When Georgia parents take on the solemn task of choosing adults to step in and become legally responsible for their children should they themselves die or become incapacitated, they often choose close family members to fulfill the role. However, choosing a legal guardian is a serious matter that parents should only make after considering various factors, including whom they believe would act in their children’s best interests at all times. While it’s easy and perhaps natural to want to choose relatives, the truth is, it might not always be the best decision.
One woman wrote about choosing her own parents, but explained that instead of choosing her brother as a back-up guardian (which her mother assumed she would do) she chose her husband’s sister. She told her mother that she and her husband gave the matter much consideration and believed they had made the best choice, namely because the woman’s brother was not married and had next to no experience with children. These types of factors may require careful consideration.

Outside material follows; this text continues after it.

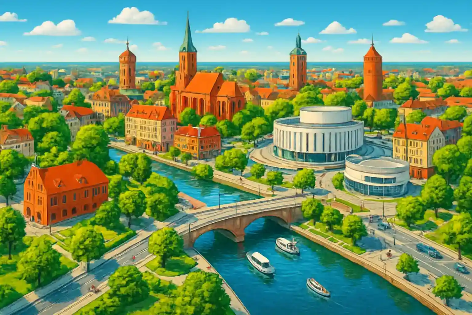 Bydgoszcz is the regional capital of Kuyavia-Pomerania and a vibrant city on the Brda River, approximately 240 km northwest of Warsaw. Four rental companies offer car rentals in the city center, near the picturesque Mill Quay (Młyny Rothera) and the city's cultural institutions. With a rental car you can easily explore the entire region and reach Toruń in just 45 minutes.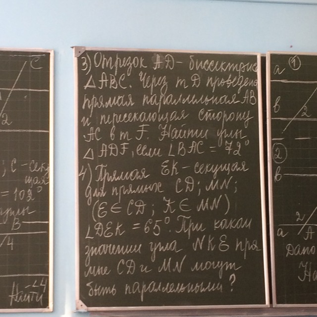 1. AD биссектриса угла BAC, значит угол DAD=36. Так как DF||AB, а AD секущая, то углы BAD и ADF накрест лежащие и равны между собой. Следовательно угол ADF=36.

When choosing a legal guardian, it is best to keep several things in mind. Firstly, the person so-named need not be a biological relative of the child. In addition, if a married couple is being chosen, it might be a good idea to only include one person’s name in the will, just in case the marriage does not last.
Remember that a legal guardian choice should be written in a will and signed before appropriate witnesses according to Georgia law. Before doing so, it is best to let the person or people being designated know, so an opportunity to decline is provided. A long-term care planning attorney can answer any questions a concerned parent may have about the legal guardian process.